Let me be clear as to what I'm not saying, there. I'm not saying that they don't exist, period - there is, for instance, an organizational body called the Southern Baptist Convention - and I'm certainly not arguing that all denominations are equivalent, or that it really doesn't matter which one you choose. It does! Our theology affects all aspects of our lives, and small changes can have pretty significant consequences.

But I think that's all the rooms are: organizations, and attached bundles of belief. They don't exist spiritually: that is, from the vantage-point of heaven, there are no rooms. The body of Christ is whole and undivided, made up of all those who professed Christ, whatever their affiliations. Some members of the body get more or less stuff right, sure - and some do more or less stuff right, as well - but they're all the body. They're all linked together with the head, and as they commune with him, they're also in communion with each other.

(Assuming, in Lewis's metaphor, that they "pass through the hall" - that is, that they agree on the absolutely essential salvific truths, and corresponding surrender to Christ, that make you part of the body in the first place.)

So when I say, "I'm a Baptist," I think what I'm really doing is using a kind of shorthand: "This is the organization of which I'm a member. Other members of that organization tend to have churches of a particular kind and believe in a certain way, and my preference is for churches and in particular beliefs of that sort." But when I say, "I'm a Christian," I do something different: I describe an absolutely crucial component of my spiritual state - that my hope for salvation is dependent on the redemptive work of Jesus Christ, and that in his grace he has extended his righteousness to me.

"Baptist" isn't part of my spiritual state - it's just a belief-and-preference bundle.

But, see, I think I'm starting to realize that when a Catholic says, "I'm Catholic," they mean something rather different. If you're part of the RCC, you do view that as a component of your spiritual state, because you believe the Catholic Church is uniquely more than an organizational body - it's a direct working of God in the same way that, say, Scripture is. From that perspective, it makes perfect sense to talk about being "in full communion": other denominations can be graded on how close they are to the Catholic Church, and (only through that Church) to Christ.

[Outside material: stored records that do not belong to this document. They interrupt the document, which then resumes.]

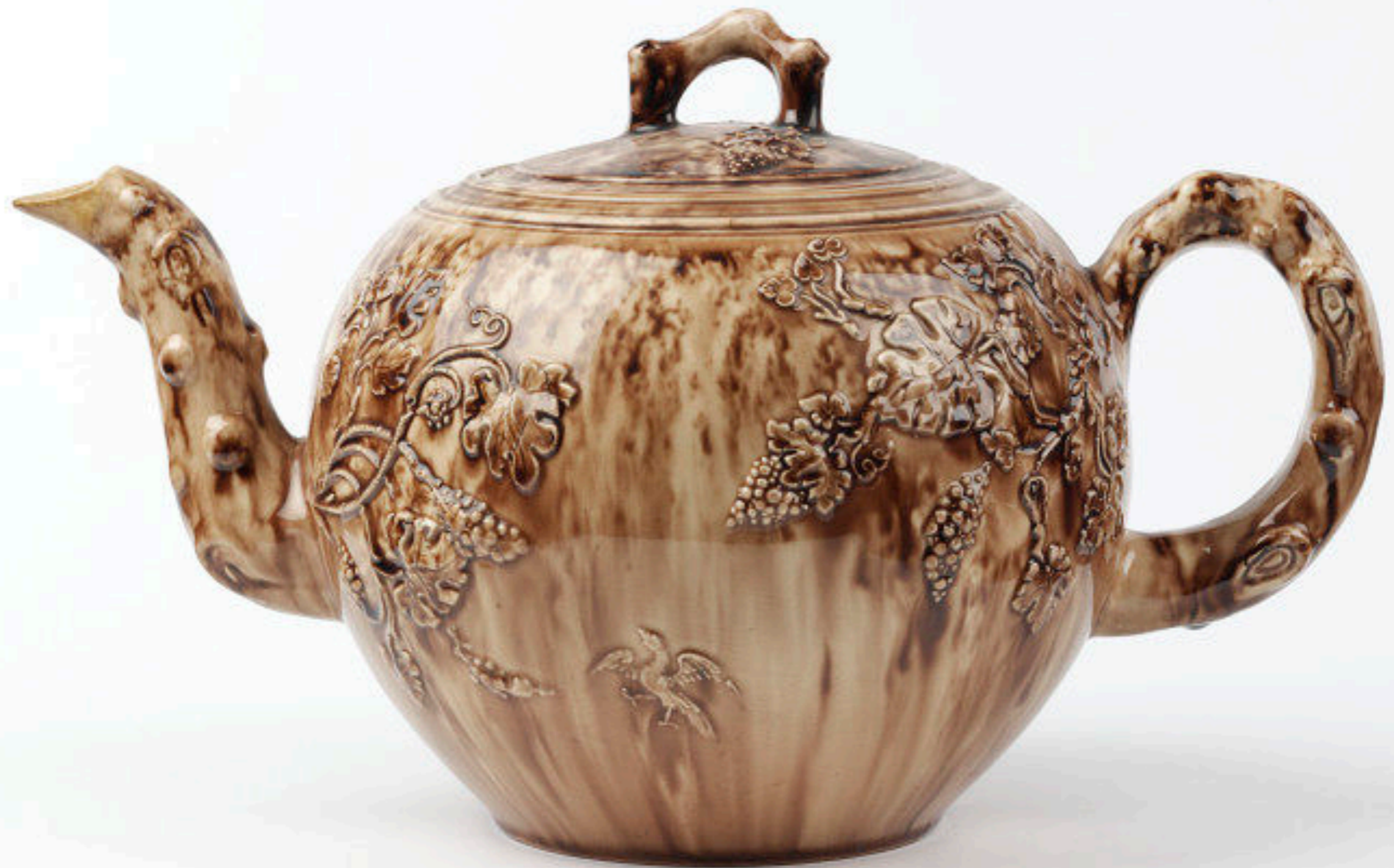
English Lead Glazed "Tortoiseshell" Punch Pot from Staffordshire
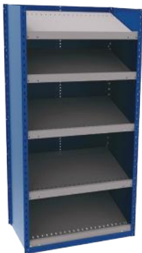
SRE2T-EE750501 Starter unit
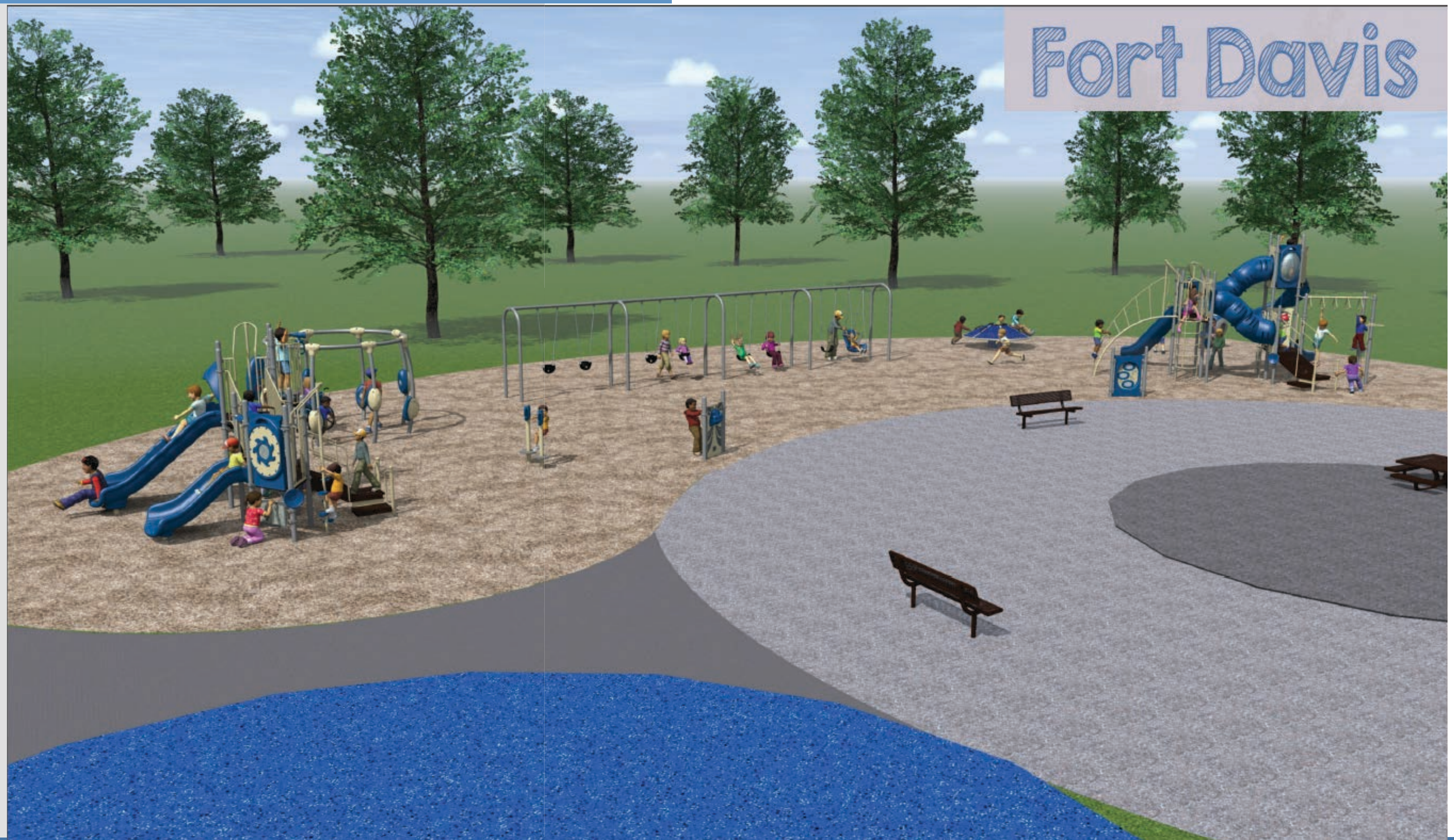
Fort Davis Playground & Splash Pad
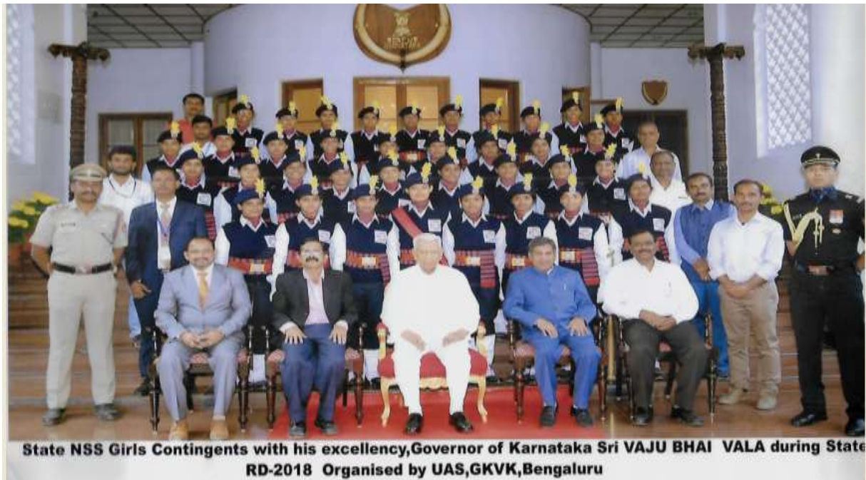
State NSS Girls Contingents with his excellency, Governor of Karnataka Sri VAJU BHAI VALA during State RD-2018 Organised by UAS, GKV, Bengaluru
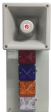
FA300 Alarm Bar
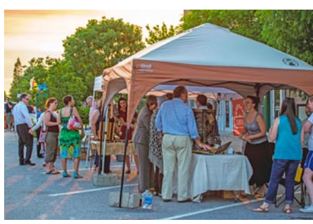
Arts Fest Block Party

Exhibit Hall A at the Charleston Area Convention Center will host the Arts Fest's Judged Art & Photography, South Carolina Palmetto Hands Fine Craft, and Tri-County Youth Art & High School Sculpture Competitions & Exhibitions during the entire run of the festival, May 4-8. Viewing hours are Wednesday, May 4, 6-8pm; Thursday-Saturday, May 5-7, 10am-6pm; and Sunday, May 8, noon-5pm. Award winners of the competitions will be acknowledged at 6:30pm during the Arts Fest Opening Celebration on Wednesday, May 4. The event, which takes place from 6-8pm, features food, music, and more, set among the hundreds of pieces of artwork on display. The Exhibition Encore on Sunday, May 8, from 2-5pm, serves as a closing reception, allow-
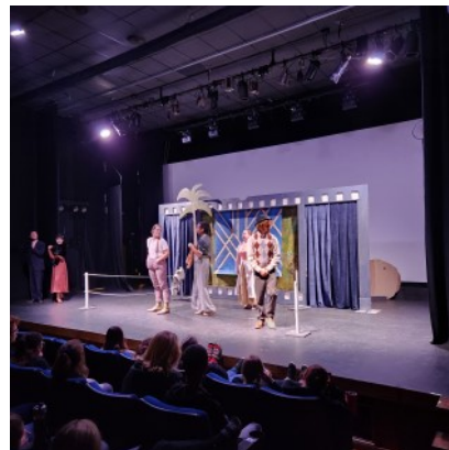
The RFA hosted the Theater at Monmouth troupe for a performance of Shakespeare's "As you Like it " for RLRs students

In Lewis's metaphor, the hall is the beliefs of mere Christianity, with denominations branching off in all directions; in Catholicism, I think, the hall may actually be the Roman Catholic Church.

(I don't mean by any of this to say that Catholicism assumes no one from other denominations will be saved - only that, if they are, it's because they're included as partial members of the RCC. Their rooms are close enough to the hall to be counted as part of it.)

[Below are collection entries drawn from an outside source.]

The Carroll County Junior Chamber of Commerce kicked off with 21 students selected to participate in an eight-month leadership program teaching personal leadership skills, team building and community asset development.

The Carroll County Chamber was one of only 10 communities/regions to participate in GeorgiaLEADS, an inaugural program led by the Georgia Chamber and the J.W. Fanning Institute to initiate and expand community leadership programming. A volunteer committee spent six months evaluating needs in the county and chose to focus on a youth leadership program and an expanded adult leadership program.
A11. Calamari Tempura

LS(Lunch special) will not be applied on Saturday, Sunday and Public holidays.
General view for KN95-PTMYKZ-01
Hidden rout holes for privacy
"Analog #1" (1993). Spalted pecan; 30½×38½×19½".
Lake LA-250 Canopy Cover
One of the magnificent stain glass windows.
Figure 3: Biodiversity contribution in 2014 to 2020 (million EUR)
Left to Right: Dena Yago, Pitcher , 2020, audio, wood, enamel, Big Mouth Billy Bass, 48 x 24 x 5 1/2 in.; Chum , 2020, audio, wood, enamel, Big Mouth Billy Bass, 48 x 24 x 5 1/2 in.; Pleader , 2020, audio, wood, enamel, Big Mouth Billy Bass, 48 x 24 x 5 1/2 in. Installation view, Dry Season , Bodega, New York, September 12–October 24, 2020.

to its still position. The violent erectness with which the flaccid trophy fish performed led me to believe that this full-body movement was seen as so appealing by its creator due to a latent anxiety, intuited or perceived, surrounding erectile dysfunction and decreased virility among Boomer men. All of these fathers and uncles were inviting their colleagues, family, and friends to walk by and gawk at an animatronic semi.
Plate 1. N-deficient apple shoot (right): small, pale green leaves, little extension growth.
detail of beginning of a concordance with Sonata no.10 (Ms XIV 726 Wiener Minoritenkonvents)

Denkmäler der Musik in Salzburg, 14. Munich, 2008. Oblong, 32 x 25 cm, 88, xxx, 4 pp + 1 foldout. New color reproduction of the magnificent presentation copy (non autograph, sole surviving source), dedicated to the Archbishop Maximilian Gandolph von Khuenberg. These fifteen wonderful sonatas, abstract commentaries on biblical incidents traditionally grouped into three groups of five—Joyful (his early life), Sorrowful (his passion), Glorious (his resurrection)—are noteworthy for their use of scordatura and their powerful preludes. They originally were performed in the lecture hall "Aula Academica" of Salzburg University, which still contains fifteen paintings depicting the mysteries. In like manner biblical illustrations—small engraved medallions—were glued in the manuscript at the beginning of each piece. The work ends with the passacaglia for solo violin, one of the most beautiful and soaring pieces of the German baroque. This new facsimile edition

The problem, then, is that if you ask (say) a Baptist, "Would you be in full communion with the Catholic Church, even believing as you do," you're asking him to think about the issue as a Catholic: as someone who admits to grades of connection within the body. The Baptist doesn't look at his denomination the way a Catholic looks at hers, and so his answer might be:

"I absolutely believe that I would be in communion with the members of the Catholic Church, while still believing that they're wrong about much of the details of Christianity. I'm not sure, though, that they'd believe they were in communion with me."

***

Apologies for any details mis-communicated or misunderstood; I'd be happy to amend appropriately.